Из всего безумного круговорота событий именно советским танкам в Праге сразу отвели мистическую роль самого знакового события эпохи. С точки зрения сухой статистики — в 1968 году были события и кровожаднее, и лицемернее. Спустя каких-нибудь полвека в Киеве — кто мог подумать о таком в 1968-м! — военизированные революционеры перебьют и покалечат много больше народу, чем тогда «оккупанты» в Чехословакии. Мир это не встряхнет — как когда-то Прага.

Понятно, взвешивать на весах число трагедий и смертей всегда нечестно. Речь о другом, о «театральных критиках», об исторических спектаклях. Рассел и все, кто шел за ним, — безумны, когда они в ужасе от крови во Вьетнаме. О крови в Мексике или в Париже лучше скорее замять и забыть. Помнить только Прагу — стало знаком приличия и критерием порядочности.

Забыть про одно и кричать про другое — вот что странно. В чем разница, в составе крови убитых? Или в «прогрессивности» убивавших?

Оставим в стороне конспирологии. Советский Союз будто нарочно сам избавлялся от своих союзников внутри страны и вне ее. Отчасти из-за бюрократической твердолобости власти. Отчасти потому, что Америка была жирнее — весь XX век благополучно зарабатывала на далеких войнах, пока Россия от войн отбивалась и разорялась.

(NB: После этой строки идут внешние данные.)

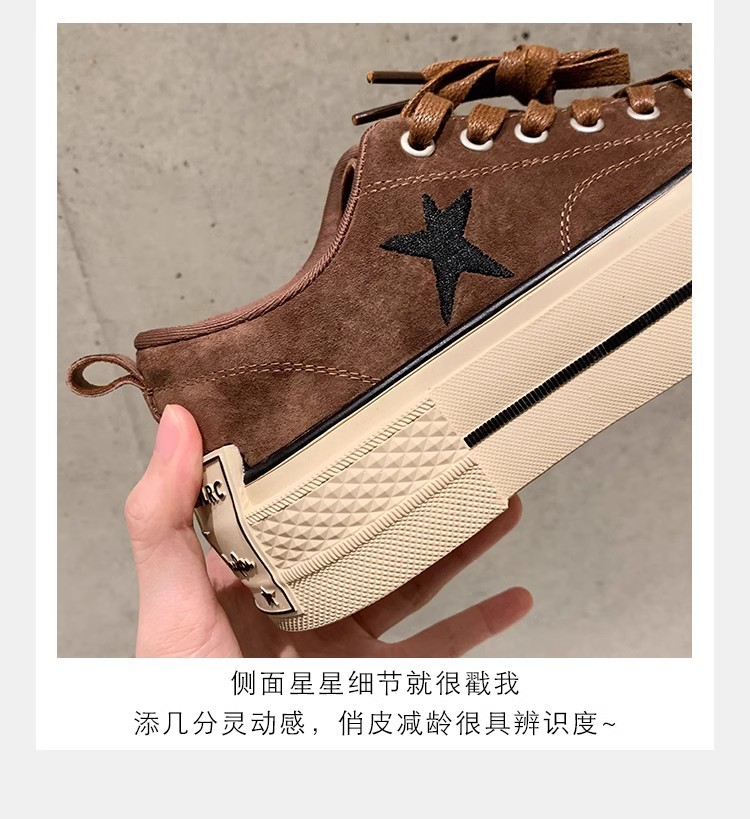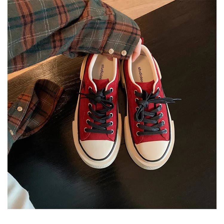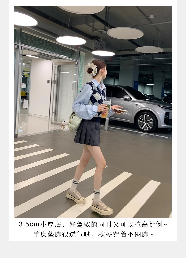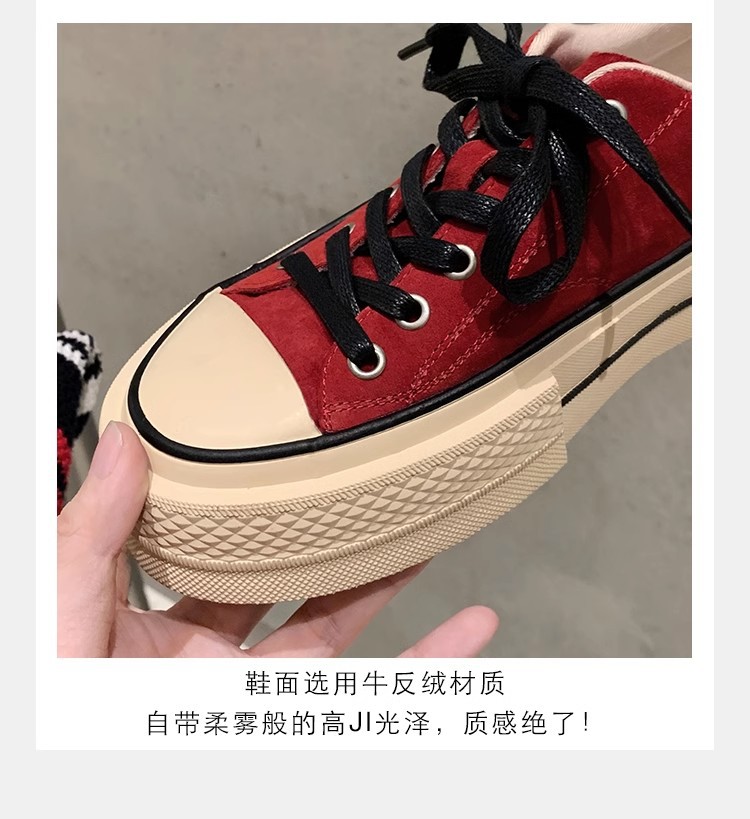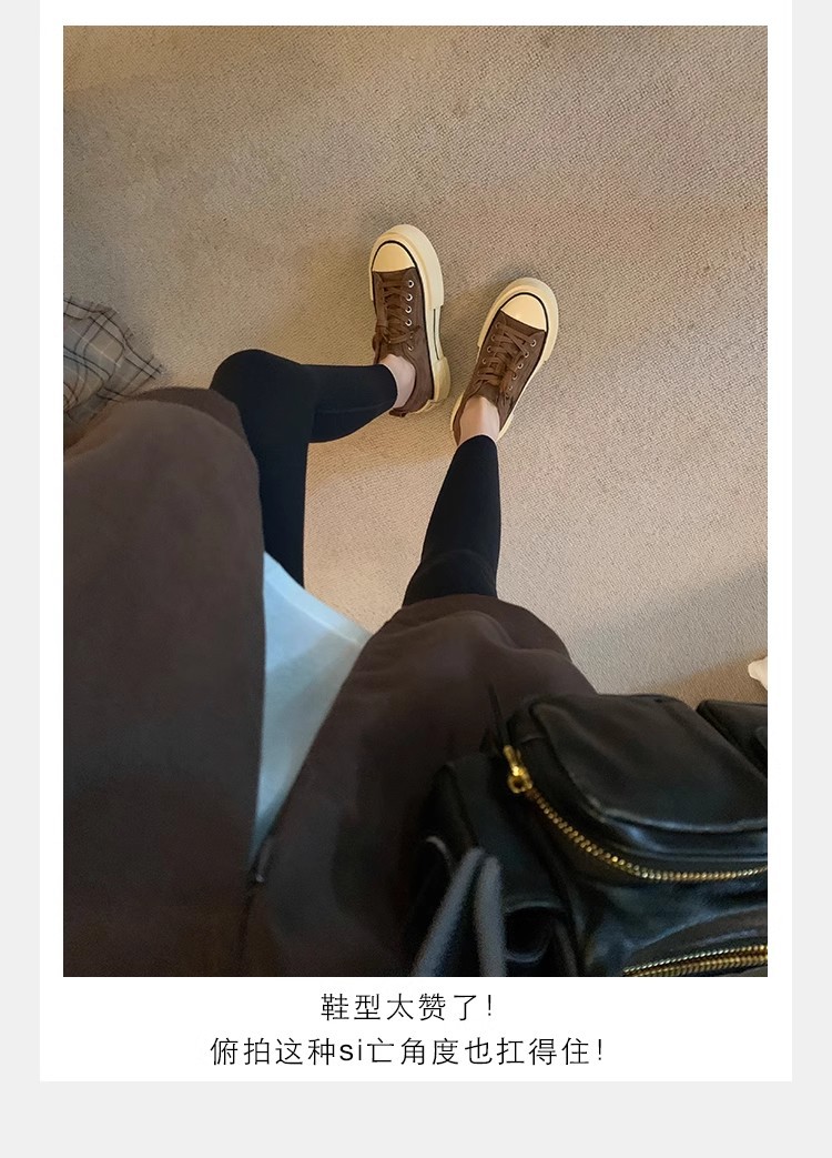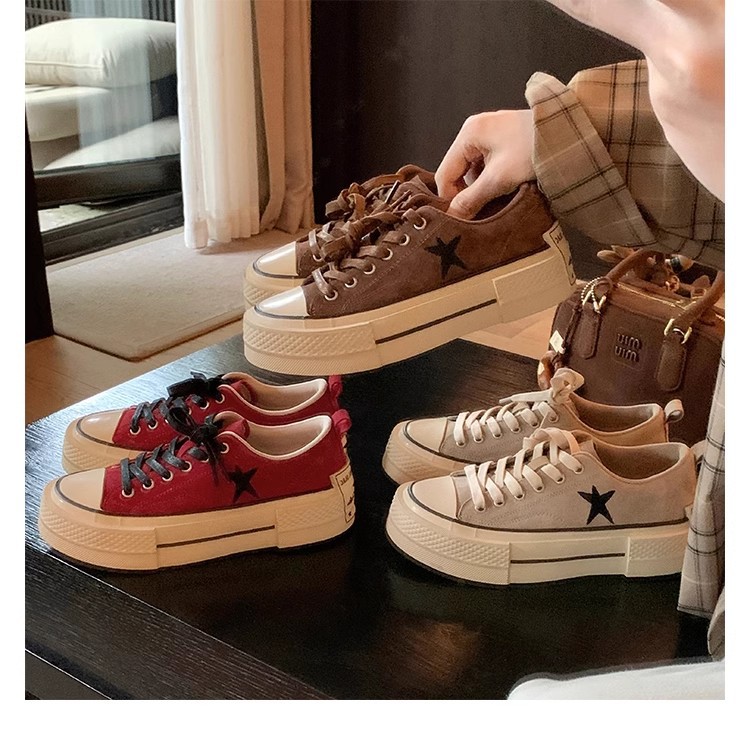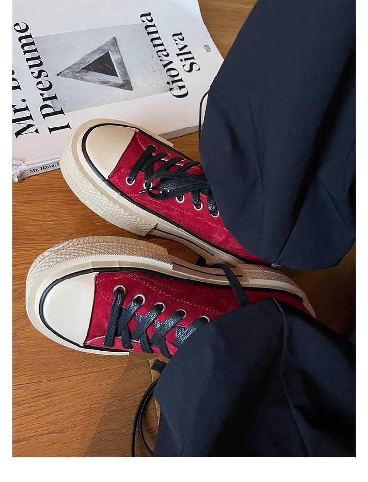 Cowhide Edition ~ 포도 엄마 같은 클래식 대학 스타일 라운드 머리 두꺼운 바닥 가죽 레이스 업 로우 스타 캐주얼 신발스토어 가기
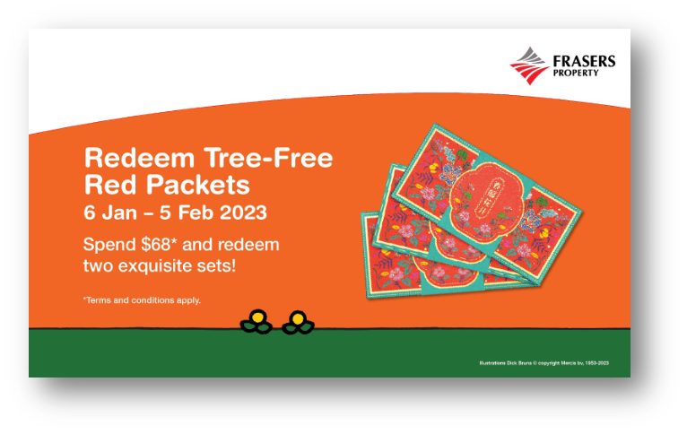 From 6 January, spend a minimum of $68 to receive two sets of tree-free red packets! To find out more about these tree-free red packets, visit
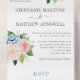 Estas invitaciones nupciales presentan un moderno diseño floral acuático con hortensias azules, peonías onduladas, rosas rosas rosas rosas y follaje verde. Personaliza tu texto. También se dispone de material de papelería de correspondencia.

Деньги и простая изворотливость в войнах «информационных» США были всегда несравнимы с возможностями СССР.

Американская интеллигенция все больше отъедалась, благоустраивалась, бывшие хиппи и битники надевали профессорские очочки, ходили на службу и все больше склонялись к точке зрения Апдайка: плохо лишь то, что плохо для их родины. В те времена и большая часть интеллигенции советской не стеснялась относиться точно так же — к своей родине.

Советские же служащие, государственники и общественники методично формировали диссидентское движение. Неуклюжестью своей или кондовостью, а бывало и просто — сводя с кем-то счеты. Диссидентское движение само по себе было неоднородным, всякие люди в него попадали. Самое печальное же — среди них оказались и те, кто чересчур обольстился «оттепелью». Перейдя рубеж 1968-го, диссиденты пришли к своему лозунгу: плохо все то, что хорошо для нашей страны, — потому что власть негодная и неугодная.

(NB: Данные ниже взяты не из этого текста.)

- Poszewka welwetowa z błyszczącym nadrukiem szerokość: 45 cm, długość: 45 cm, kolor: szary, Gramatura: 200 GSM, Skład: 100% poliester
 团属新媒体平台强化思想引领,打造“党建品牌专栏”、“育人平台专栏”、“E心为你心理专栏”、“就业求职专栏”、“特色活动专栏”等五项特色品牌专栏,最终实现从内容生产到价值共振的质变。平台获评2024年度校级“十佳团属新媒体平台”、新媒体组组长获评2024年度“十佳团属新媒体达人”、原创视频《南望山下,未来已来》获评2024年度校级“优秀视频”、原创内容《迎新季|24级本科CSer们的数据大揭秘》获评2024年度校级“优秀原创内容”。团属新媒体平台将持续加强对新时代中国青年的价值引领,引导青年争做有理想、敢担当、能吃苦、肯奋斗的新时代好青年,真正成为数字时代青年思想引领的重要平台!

На смену оттепельным годам любви-изменщицы шла эпоха чистой нелюбви, холодной обиды и ревнивой злости.

Войнович иронически вспомнит однажды («Портрет на фоне мифа»), как «одна диссидентка в Париже отказалась пойти на концерт Окуджавы по принципиальным соображениям. „Вот если бы я знала, — сказала она, — что он выйдет на сцену, ударит гитарой по трибуне, разобьет ее и скажет, что не будет петь ничего до тех пор, пока в его стране правят коммунисты, тогда бы я, конечно, пошла“. Окуджава был человек совестливый, его очень ранили подобные попреки, и, может быть, ему и хотелось иногда разбить гитару, но, слава богу, он этого не сделал».

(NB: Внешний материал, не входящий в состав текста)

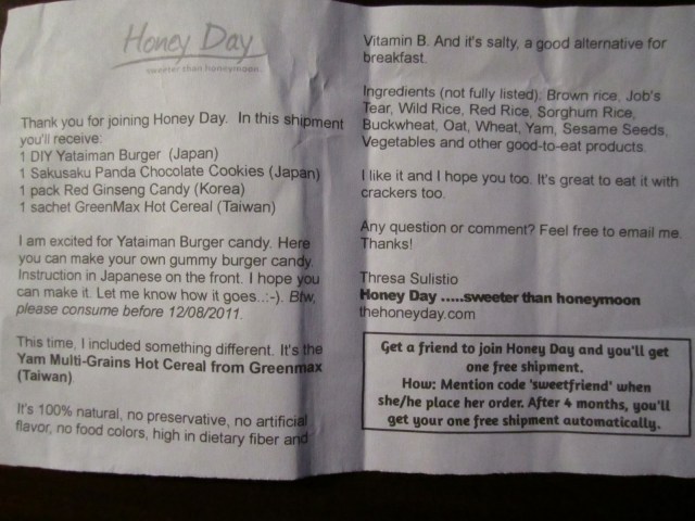 It’s an envelope full of desserts, it’s called “Honey Day“. In this shippment I recived a few surprising things…
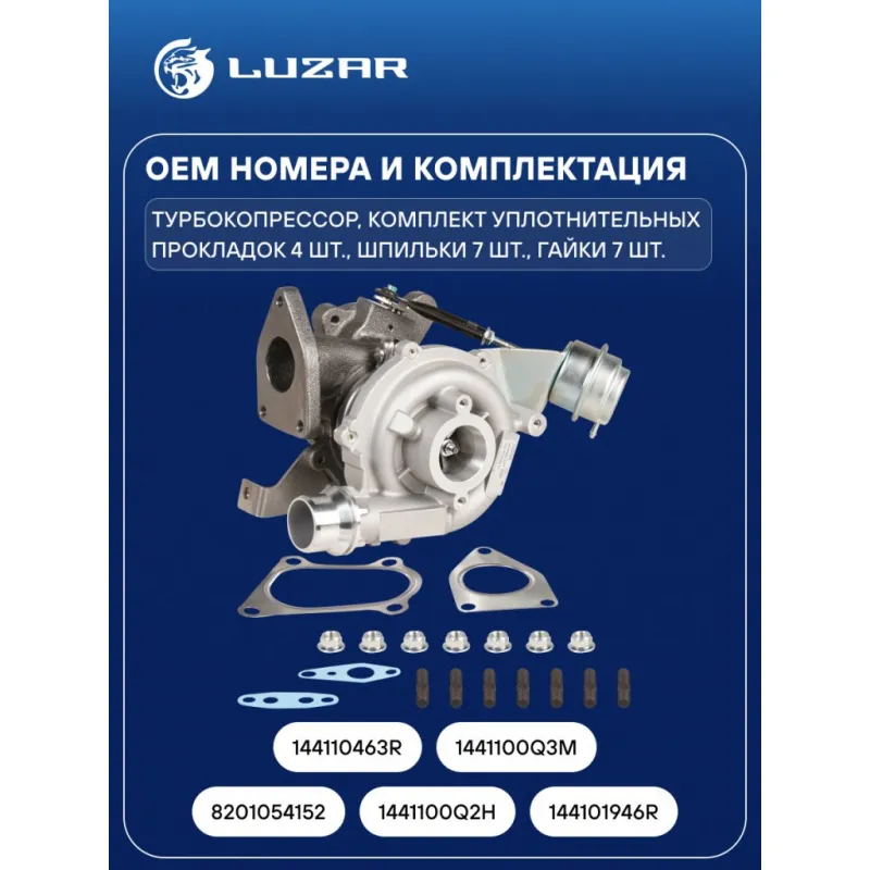Турбокомпрессор для а/м Renault Master (10-) 2.3D [M9T] Характеристики: Артикул: LAT 0910 OEM номера: 8201054152, 1441100Q2H, 144101946R, 144110463R, 1441100Q3M Количество на автомобиль: 1 Применяемость: M9T Тип картриджа: GT1546JS Сопутствующий товар: Актуатор: LTC 0910 Сопутствующий товар: Набор монтажный: LTC 09101 Подходит для авто: Renault Trafic II (01-), Master III (10-) Opel Vivaro (01-) Для проверки применяемости отправьте VIN автомобиля через вкладку "Есть вопросы о товаре?" Комплектация: Турбокомпрессор Комплект уплотнительных прокладок - 4 шт Шпильки - 7 шт Гайки - 7 шт Паспорт изделия Гарантия: от 1 года.

Это тот самый Войнович, который много лет спустя, в 2014 году, будет невнятно бормотать в ответ на вопросы украинского издания «Форбс» об отношении к фашистскому прошлому Бандеры — что как-то он не определился, что сомневается, может, чего упустил, может, не так уж и плох был Бандера, может, и правда, герой. А русские солдатики, заметит писатель, — ну те, которые не считают Бандеру героем, — так это, смех и грех, сплошные Чонкины. И никакой иронии — все серьезно. С партийной принципиальностью. Как, не пнув россиян, продвигать Войновичу на Украине книжку? Вот ведь как писателей от их «принципиальности» колбасит.

А может, они, принципиальные по случаю, всегда такими и были?

Из эпохи злобы, катившейся с конца 1960-х, накипят и эти, как бы невзначай, вопросы: а нужны ли были жертвы в годы войны, стоило ли так убиваться? Вопрос Виктора Астафьева о блокадном Ленинграде — не гуманнее ли было город сдать? — повторит много лет спустя, уже в новом контексте, с новыми оттенками, Виктор Ерофеев. Зачем — жизнь-то одна?

Вознесенский дал свой ответ на этот вопрос давно — стихами, посвященными солдатскому подвигу Эрнста Неизвестного. Ответ прямой.

…когда пижоны и паиньки
пищат, что ты слаб в гульбе,
я чувствую,
как памятник
ворочается в тебе.
Я голову обнажу
и вежливо им скажу:
«Конечно, вы свежевыбриты
и вкус вам не изменял.
Но были ли вы убиты
за родину наповал?»

В XXI веке всплывет вдруг некий архивный полицейский отчет, из которого следует, что один из певцов «пражской весны», писатель Милан Кундера, по молодости доносил на заграничных шпионов и их пособников внутри страны. Нет, скажет сам писатель, — ничего такого он не помнит. И эту противную новость быстренько забудут, как страшный сон.

Зачем лишний раз вспоминать про сотрудничество со спецслужбами Оруэлла, в свое время пригвоздившего Советский Союз в своем «Скотном дворе»?

Диснею — пятьсот его доносов на инакомыслящих и подозрительных соседей и коллег?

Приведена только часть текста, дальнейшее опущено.